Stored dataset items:
▽

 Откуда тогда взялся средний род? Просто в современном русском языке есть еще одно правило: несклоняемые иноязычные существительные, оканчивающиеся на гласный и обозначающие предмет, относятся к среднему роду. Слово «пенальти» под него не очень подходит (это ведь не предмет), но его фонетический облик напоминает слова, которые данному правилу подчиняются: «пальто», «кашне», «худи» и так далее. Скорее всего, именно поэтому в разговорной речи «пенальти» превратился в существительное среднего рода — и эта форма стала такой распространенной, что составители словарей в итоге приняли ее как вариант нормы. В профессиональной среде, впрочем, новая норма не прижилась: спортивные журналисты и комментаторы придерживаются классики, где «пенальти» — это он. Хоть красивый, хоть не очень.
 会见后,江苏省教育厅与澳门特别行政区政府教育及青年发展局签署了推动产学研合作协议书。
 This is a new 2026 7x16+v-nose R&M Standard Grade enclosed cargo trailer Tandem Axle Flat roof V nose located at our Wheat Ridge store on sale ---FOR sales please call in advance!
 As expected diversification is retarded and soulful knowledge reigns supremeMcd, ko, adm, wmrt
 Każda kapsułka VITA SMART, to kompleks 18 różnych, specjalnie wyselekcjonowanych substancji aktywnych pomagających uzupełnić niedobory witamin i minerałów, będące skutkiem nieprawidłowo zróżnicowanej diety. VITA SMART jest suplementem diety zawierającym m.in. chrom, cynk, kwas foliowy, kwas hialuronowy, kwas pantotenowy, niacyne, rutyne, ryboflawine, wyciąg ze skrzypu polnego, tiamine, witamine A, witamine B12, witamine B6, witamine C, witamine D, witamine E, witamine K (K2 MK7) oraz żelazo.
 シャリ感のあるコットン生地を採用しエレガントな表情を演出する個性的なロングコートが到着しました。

△

§ Your instructions:
Reproduce the entries above exactly, but only the lines between the line holding "会见后,江苏省教育厅与澳门特" and the line holding "As expected diversification", inclusive.

§ Written answer:
 会见后,江苏省教育厅与澳门特别行政区政府教育及青年发展局签署了推动产学研合作协议书。
 This is a new 2026 7x16+v-nose R&M Standard Grade enclosed cargo trailer Tandem Axle Flat roof V nose located at our Wheat Ridge store on sale ---FOR sales please call in advance!
 As expected diversification is retarded and soulful knowledge reigns supremeMcd, ko, adm, wmrt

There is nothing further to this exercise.